Cross-linking/mass spectrometry extends the use of mass-spectrometry-based proteomics from identification (1, 2), quantification (3), and characterization of protein complexes (4) into resolving protein structures and protein–protein interactions (5–8). Chemical reagents (cross-linkers) covalently connect amino acid pairs that are within a cross-linker-specific distance range in the native three-dimensional structure of a protein or protein complex. A cross-linking/mass spectrometry experiment is typically conducted in four steps: (1) cross-linking of the target protein or complex, (2) protein digestion (usually with trypsin), (3) LC-MS analysis, and (4) database search. The digested peptide mixture consists of linear and cross-linked peptides, and the latter can be enriched by strong cation exchange (9) or size exclusion chromatography (10). Cross-linked peptides are of high value as they provide direct information on the structure and interactions of proteins.
Cross-linked peptides fragment under collision-induced dissociation (CID) conditions primarily into b- and y-ions, as do their linear counterparts. An important difference regarding database searches between linear and cross-linked peptides stems from not knowing which peptides might be cross-linked. Therefore, one has to consider each single peptide and all pairwise combinations of peptides in the database. Having n peptides leads to (n2 + n)/2 possible pairwise combinations. This leads to two major challenges: With increasing size of the database, search time and the risk of identifying false positives increases. One way of circumventing these problems is to use MS2-cleavable cross-linkers (11, 12), at the cost of limited experimental design and choice of cross-linker.
In a first database search approach (13), all pairwise combinations of peptides in a database were considered in a concatenated and linearized form.
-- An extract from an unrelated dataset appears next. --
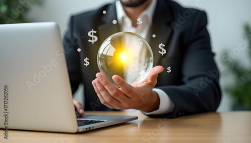 finance, business, investment, forecasting, prediction, future, success, wealth, money, dollar, crystal ball, vision, strategy, planning, growth, market, financial, analysis, concept, opportunity, risk, profit, economy, global, businessman, suit, laptop, technology, office, desk, hand, holding, glowing, light, digital, online, workspace, working, career, management, leadership, corporate, professional, achieve, goal, target, visualisation, symbol, abstract

Thereby, all possible single bond fragments are considered in one of the two database entries per peptide pair, and the cross-link can be identified by a normal protein identification algorithm. Already, the second search approach split the peptides for the purpose of their identification (14). Linear fragments were used to retrieve candidate peptides from the database that are then matched based on the known mass of the cross-linked pair and scored as a pair against the spectrum. Isotope-labeled cross-linkers were used to sort the linear and cross-linked fragments apart. Many other search tools and approaches have been developed since (10, 15–19); see (20) for a more detailed list, at least some of which follow the general idea of an open modification search (21–24).
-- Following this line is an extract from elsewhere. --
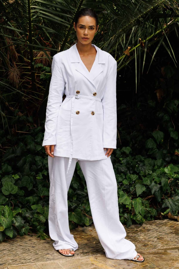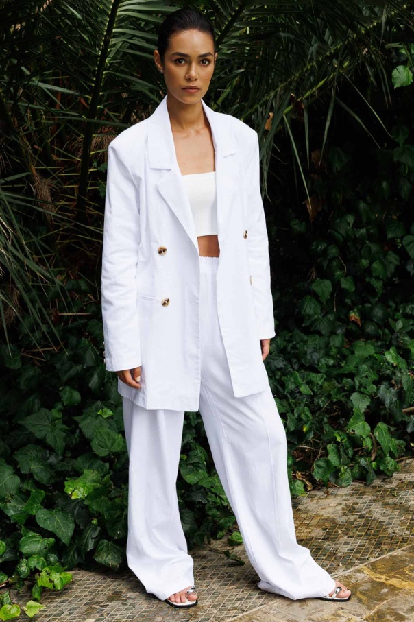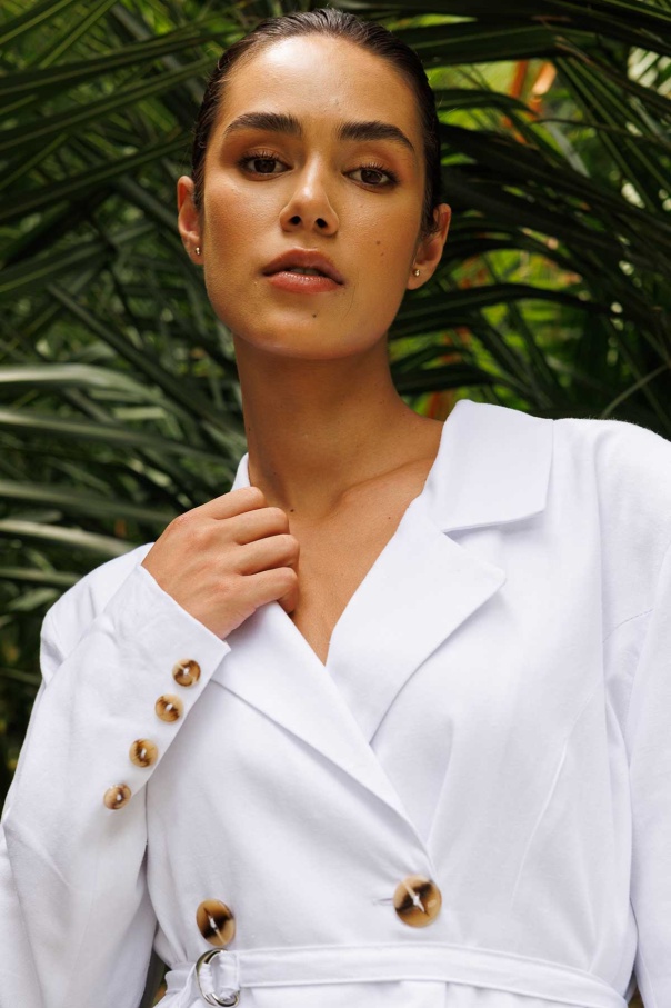Bağlama Detaylı Beyaz Keten Blazer Ceket

As a general concept for open modification search of cross-linked peptides, cross-linked peptides represent two peptides, each with an unknown modification given by the mass of the other peptide and the cross-linker. One identifies both peptides individually and then matches them based on knowing the mass of cross-linked pair (14, 22, 24). Alternatively, one peptide is identified first and, using that peptide and the cross-linker as a modification mass, the second peptide is identified from the database (21, 23). An important element of the open modification search approach is that it essentially converts the quadratic search space of the cross-linked peptides into a linear search space of modified peptides. Still, many peptides and many modification positions have to be considered, especially when working with large databases or when using highly reactive cross-linkers with limited amino acid selectivity (25).
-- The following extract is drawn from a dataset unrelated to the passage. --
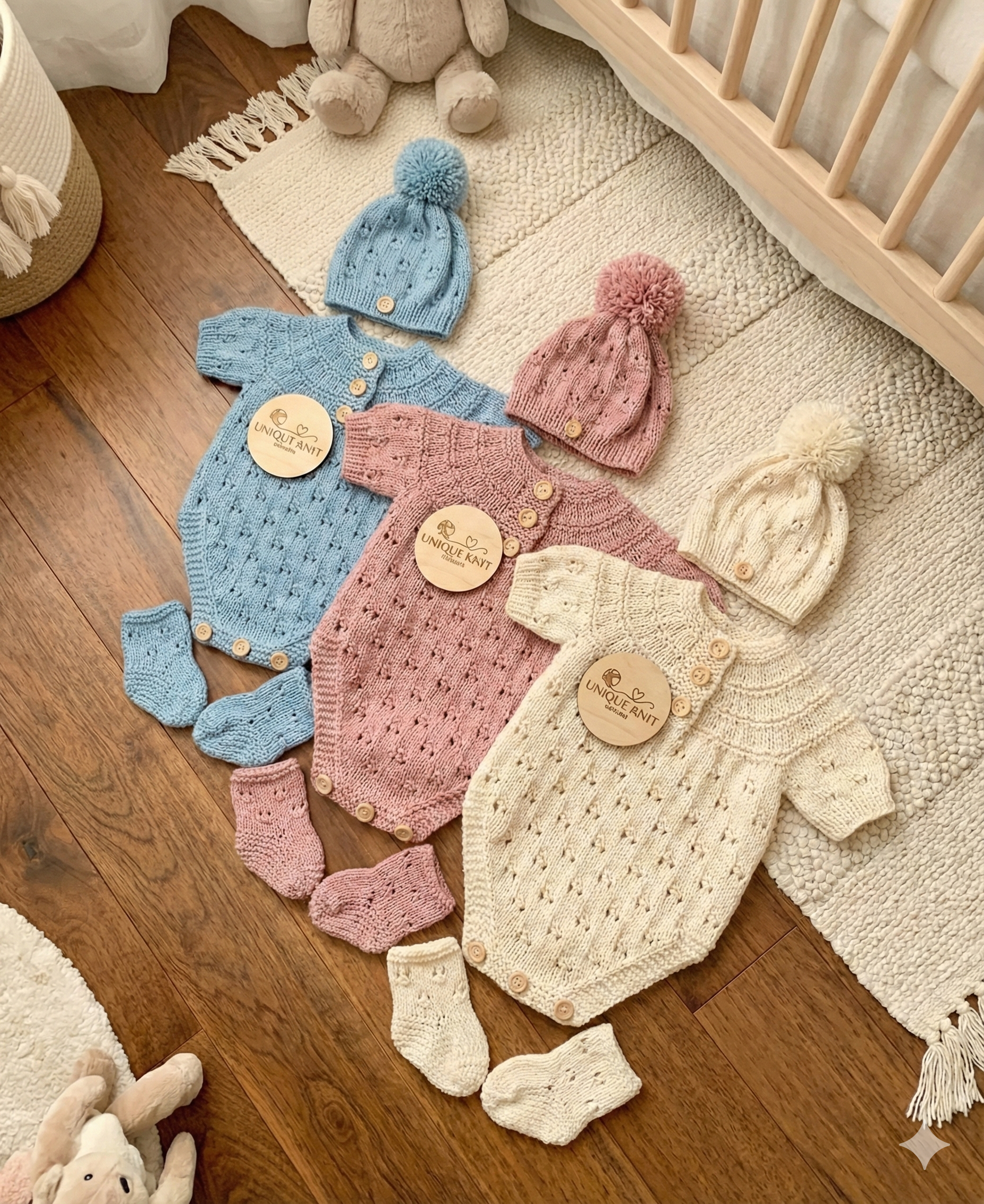 This sweet modern 3-piece Romper design features a textured yoke and an easy eyelet pattern which is then replicated on the hat and booties. The set is knitted from the top down using straight needles and knitted back and forth. meaning very little sewing is required and fewer seams.

We hypothesize that detailed knowledge of the fragmentation behavior of cross-linked peptides might reveal ways to improve the identification of cross-linked peptides. Detailed analyses of the fragmentation behavior of linear peptides exist (26–28), and the analysis of the fragmentation behavior of cross-linked peptides has guided the design of scores (24, 29). Further, cross-link-specific ions have been observed from higher energy collision dissociation (HCD) data (30). Isotope-labeled cross-linkers are used to distinguish cross-linked from linear fragments, generally in low-resolution MS2 of cross-linked peptides (14).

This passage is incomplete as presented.